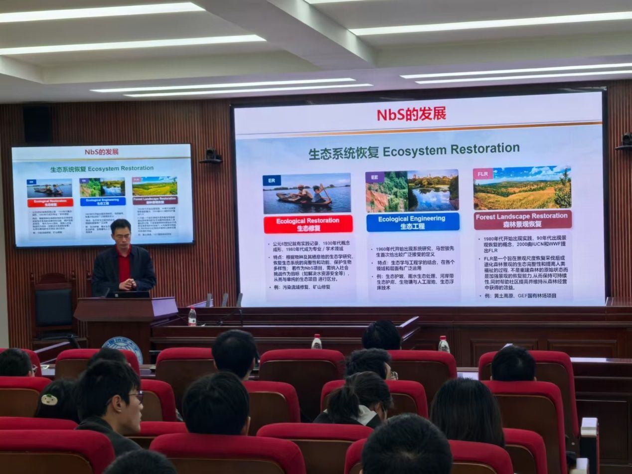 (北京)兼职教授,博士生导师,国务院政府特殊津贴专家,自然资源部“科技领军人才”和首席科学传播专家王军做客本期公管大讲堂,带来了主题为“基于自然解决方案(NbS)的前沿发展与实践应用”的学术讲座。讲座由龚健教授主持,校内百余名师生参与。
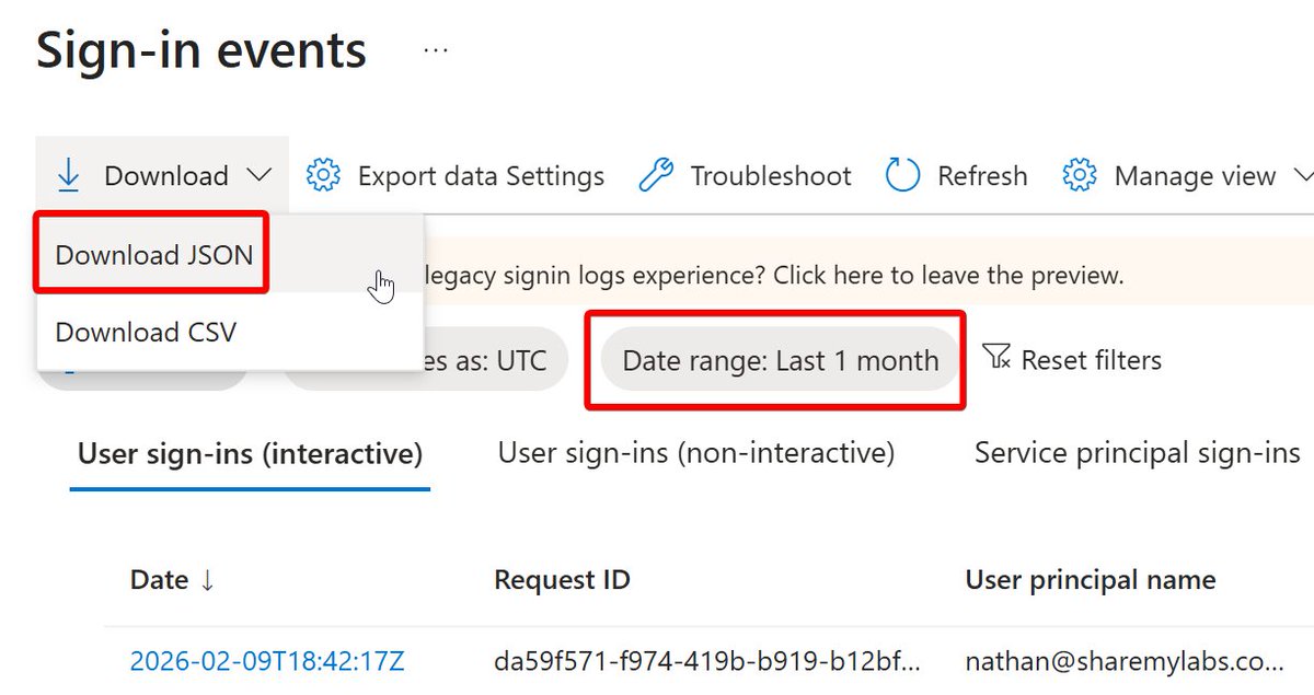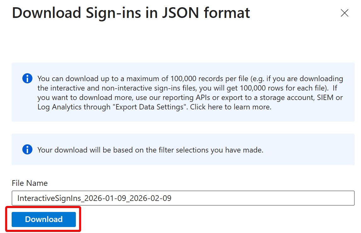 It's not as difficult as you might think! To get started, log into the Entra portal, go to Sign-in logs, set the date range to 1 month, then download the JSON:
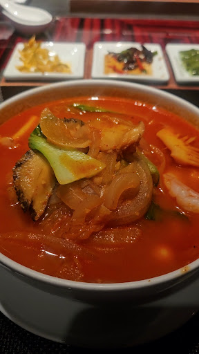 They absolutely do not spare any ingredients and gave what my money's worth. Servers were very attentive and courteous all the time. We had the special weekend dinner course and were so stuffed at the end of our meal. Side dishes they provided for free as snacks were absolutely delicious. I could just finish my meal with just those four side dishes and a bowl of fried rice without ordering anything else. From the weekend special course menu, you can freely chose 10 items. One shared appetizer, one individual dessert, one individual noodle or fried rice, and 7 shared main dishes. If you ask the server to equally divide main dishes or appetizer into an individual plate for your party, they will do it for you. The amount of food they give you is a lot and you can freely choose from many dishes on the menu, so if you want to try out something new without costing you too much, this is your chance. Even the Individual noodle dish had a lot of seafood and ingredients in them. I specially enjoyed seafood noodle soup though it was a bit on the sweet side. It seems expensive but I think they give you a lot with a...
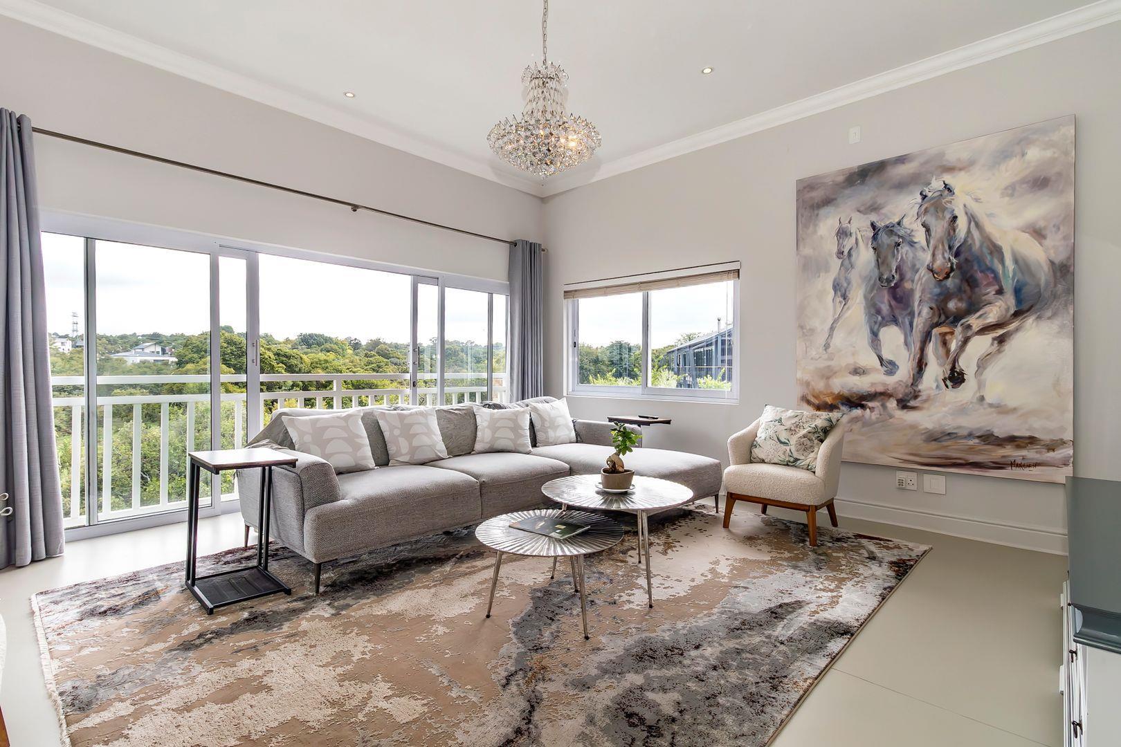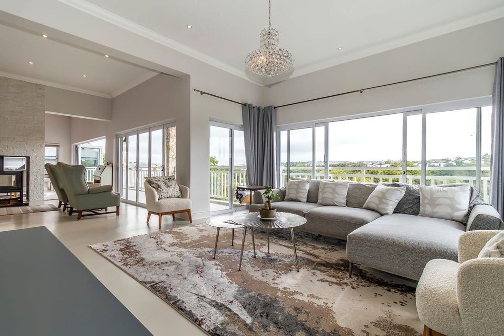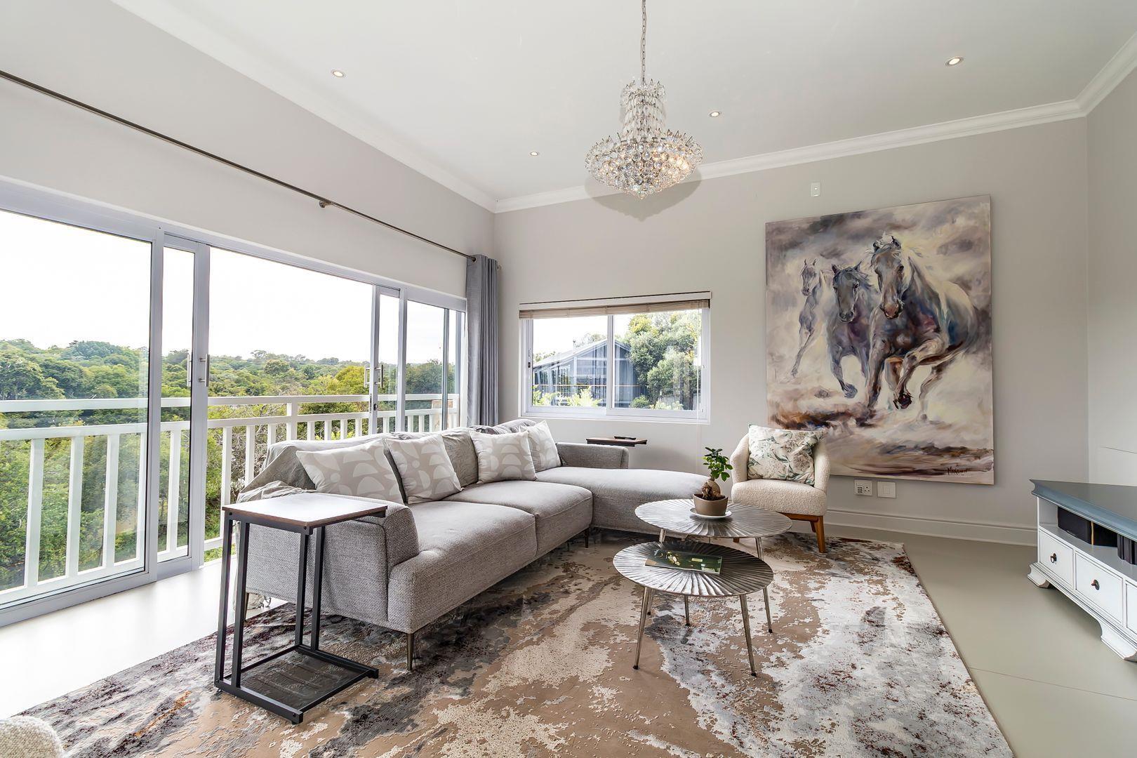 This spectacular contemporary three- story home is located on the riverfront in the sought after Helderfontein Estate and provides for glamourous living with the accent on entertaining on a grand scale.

#### [THE TASK]
Copy verbatim the span that opens at the line with "They absolutely do" and closes at the final line of the listing. Do not carry over any pictures.

#### [EXPECTED OUTPUT]
 They absolutely do not spare any ingredients and gave what my money's worth. Servers were very attentive and courteous all the time. We had the special weekend dinner course and were so stuffed at the end of our meal. Side dishes they provided for free as snacks were absolutely delicious. I could just finish my meal with just those four side dishes and a bowl of fried rice without ordering anything else. From the weekend special course menu, you can freely chose 10 items. One shared appetizer, one individual dessert, one individual noodle or fried rice, and 7 shared main dishes. If you ask the server to equally divide main dishes or appetizer into an individual plate for your party, they will do it for you. The amount of food they give you is a lot and you can freely choose from many dishes on the menu, so if you want to try out something new without costing you too much, this is your chance. Even the Individual noodle dish had a lot of seafood and ingredients in them. I specially enjoyed seafood noodle soup though it was a bit on the sweet side. It seems expensive but I think they give you a lot with a...
 This spectacular contemporary three- story home is located on the riverfront in the sought after Helderfontein Estate and provides for glamourous living with the accent on entertaining on a grand scale.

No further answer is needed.